* **Dataset extract**:
================================

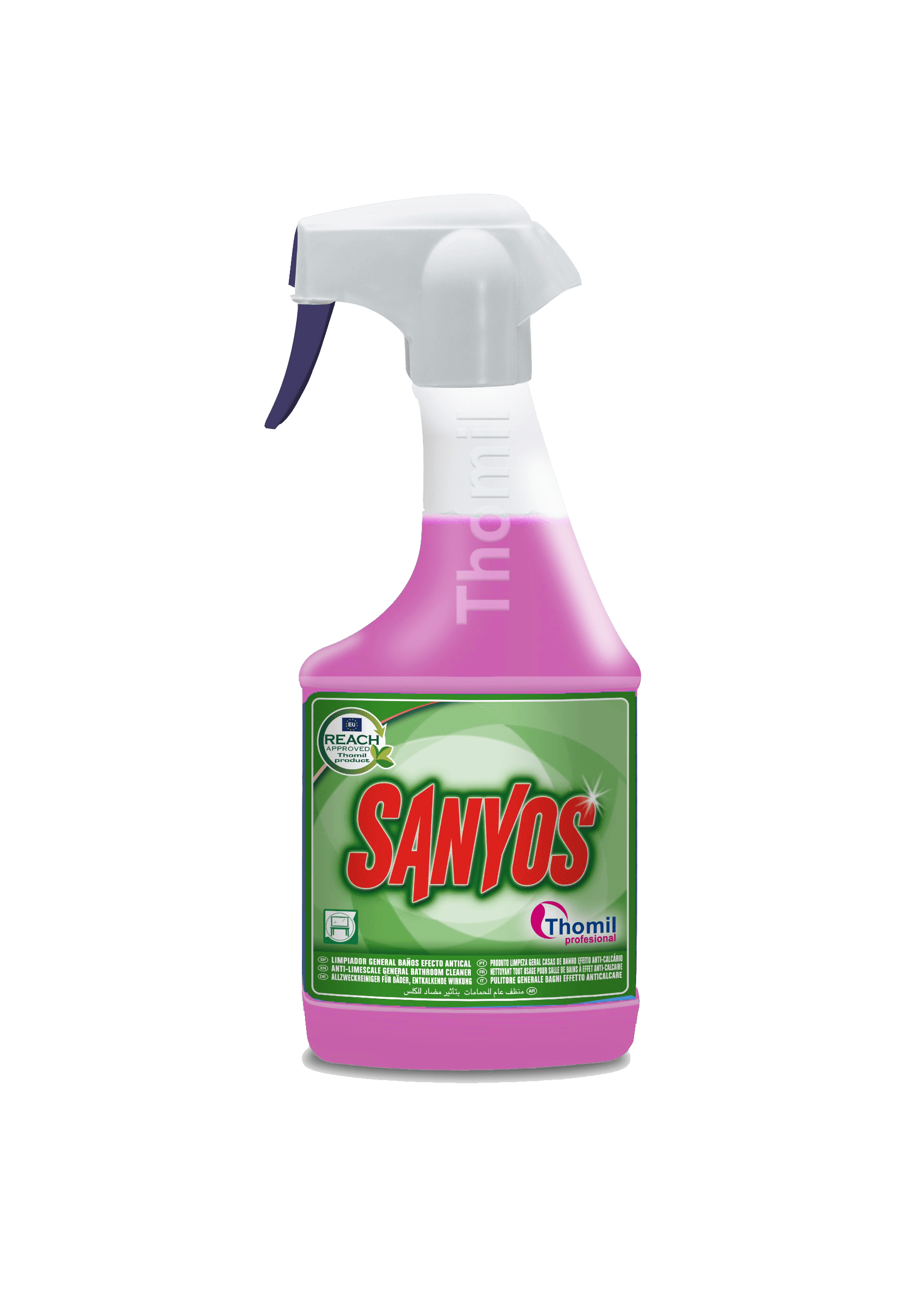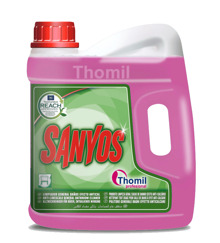 Nettoyant acide pour salles de bains à action assainissante. Élimine facilement les résidus de savon, de calcaire et rouille des pare-douche, carreaux, toilettes, lavabos et robinetterie, sans les endommager.
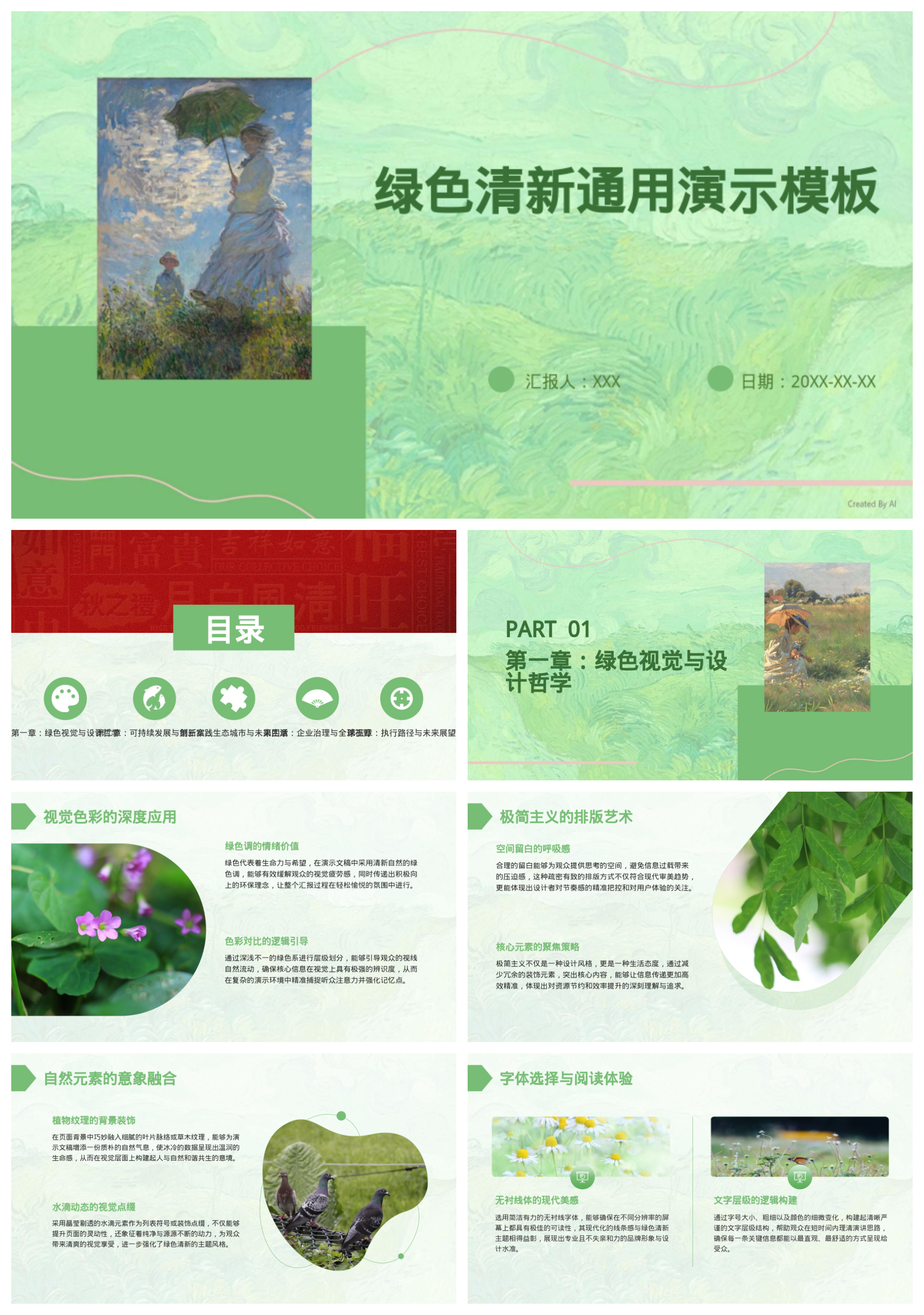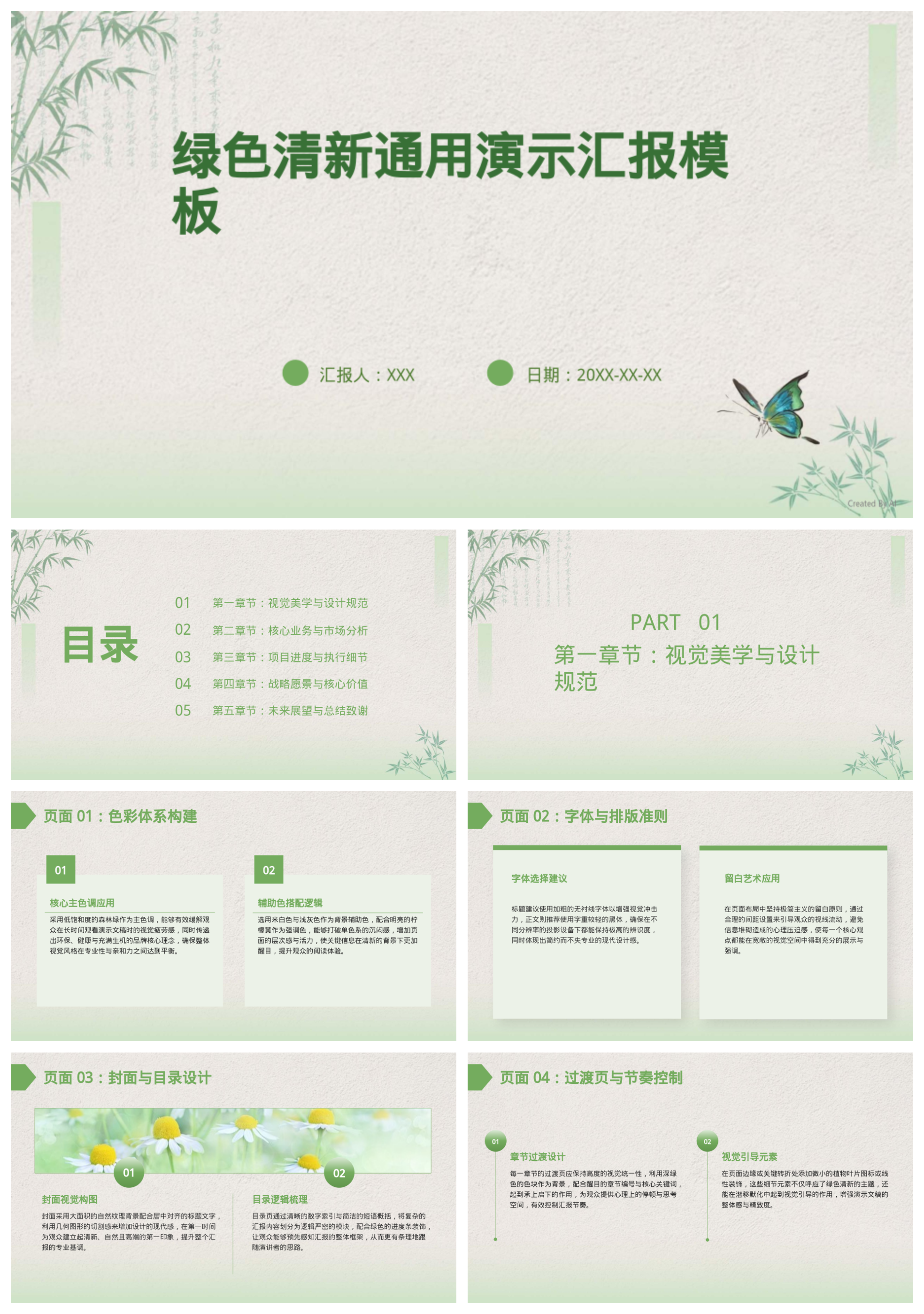 绿色清新通用演示汇报模板
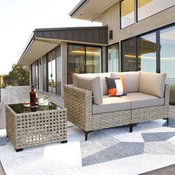 New OVIOS Supery Gray 3-Piece Wicker Patio Conversation Set with Beige Cushions and Coffee Table$275Los Angeles, CA

================================

* **Exercise directions**:
Your answer must be an exact copy of the data above, minus its pictures.

* **Task result**:
 Nettoyant acide pour salles de bains à action assainissante. Élimine facilement les résidus de savon, de calcaire et rouille des pare-douche, carreaux, toilettes, lavabos et robinetterie, sans les endommager.
 绿色清新通用演示汇报模板
 New OVIOS Supery Gray 3-Piece Wicker Patio Conversation Set with Beige Cushions and Coffee Table$275Los Angeles, CA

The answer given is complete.